Download or read book Countering the Culture written by Margaret-Anne Hutton and published by University of Exeter Press. This book was released on 1998 with total page 292 pages. Available in PDF, EPUB and Kindle. Book excerpt: This is the first full-length study in any language of the writings of a remarkable figure in French literary and cultural history, author of nine prose fiction works between 1958 and 1988. Despite establishment recognition and a popular mass-market following, Christiane Rochefort has hitherto received surprisingly little critical attention. Her fiction forms an easily approachable learning tool for all students of post-war French politics and culture; the bestseller, Les Petits Enfants du siècle, is a set text in schools and universities in the UK and USA. This novel of growing up in the working class high-rises of Paris, written in the language of the streets, provides a vivid, child-centred view of a young's girl's social, political and sexual awakening. The Novels of Christiane Rochefort looks at each novel in turn and applies close attention to the narrative sophistication and political subversion of the books. Certain contemporary themes run through her work: the status of children, language as instrument of oppression and subversion, homosexuality, incest, child abuse. Each chapter of this book provides in-depth cultural and socio-political background material, and delivers a study that will be of great interest and value to students across a wide range of literary and cultural disciplines.

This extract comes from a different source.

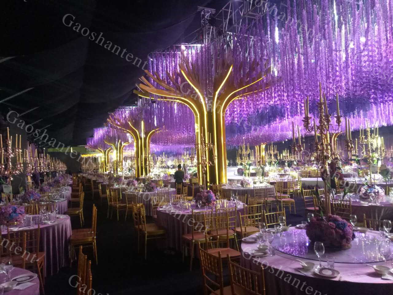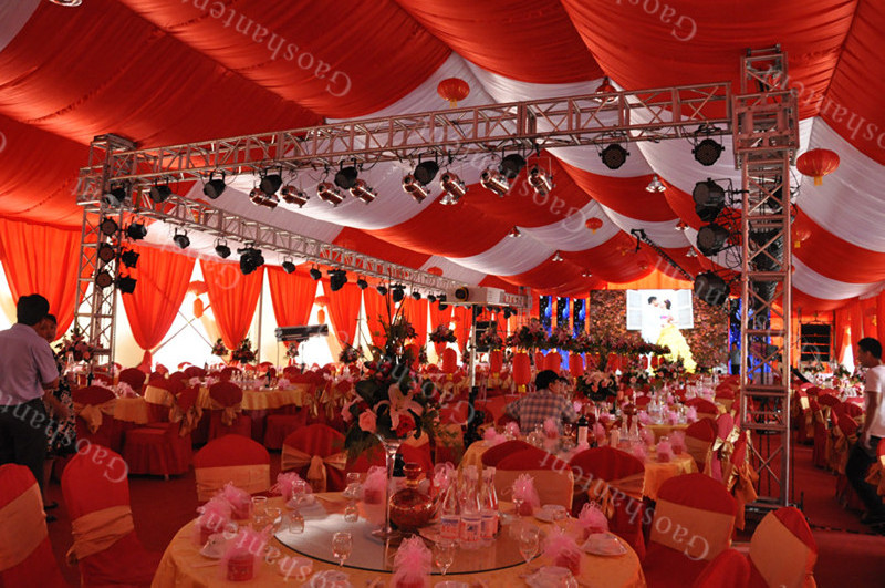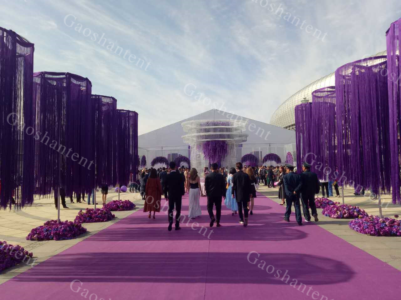 高山篷房還可量身定制進(jìn)行篷房的布置和提供配套服務(wù)。篷房?jī)?nèi)的空調(diào)、地板、燈光等為基本配置,高山還能用布幔、擺設(shè)等將其布置成五星級(jí)酒店大廳,并提供舞美、表演、樂隊(duì)等配套服務(wù)。

Download or read book Civilization in French and Francophone Literature written by and published by BRILL. This book was released on 2016-08-29 with total page 237 pages. Available in PDF, EPUB and Kindle. Book excerpt: Preliminary Material /Buford Norman and James Day -- France's First Revolution: Hamlet and the "Unresolved Man" of 1589 /George Hoffmann -- On Civility: The Model of Sparta in Montaigne's "Defence de Seneque et de Plutarque" /Sue W. Farquhar -- Of Cannibals, Credo, and Custom: Jean de Léry's Calvinist View of Civilization in Histoire d'un voyage faict en la terre du Bresil (1578) /Scott D. Juall -- Bien m'en avés rendu le conte: Redeeming economies in Yvain /Marcella Munson -- La Civilisation du goût: Savoir et saveur à la table de Louis XIV: (ou, Gastéréa et l'histoire de la cuisine française au dix-septième siècle) /Béa Aaronson -- Un idéal de la culture française entre humanisme et classicisme: "civiliser la doctrine" /Emmanuel Bury -- De la société de salon à la société de cour: l'ambivalence du processus de civilisation /Sophie Rollin -- Les traces ineffaçables de la civilisation dans Paul et Virginie /Murielle Perrier -- Work, Machines, and Vapors in Late Eighteenth-Century France /Laura Balladur -- La représentation des populations noires dans l'œuvre de Paul Morand: enjeux idéologiques et politiques /Nicolas Di Méo -- Roman et société dans la France contemporaine /Denise Brahimi -- L'image de la France dans le dialogue de Gaulle-Sirius: Suprématie politique et leadership humaniste /Liliane Ayad Toss -- Civilité: une certaine modalité du vivre-ensemble /Hélène Merlin-Kajman.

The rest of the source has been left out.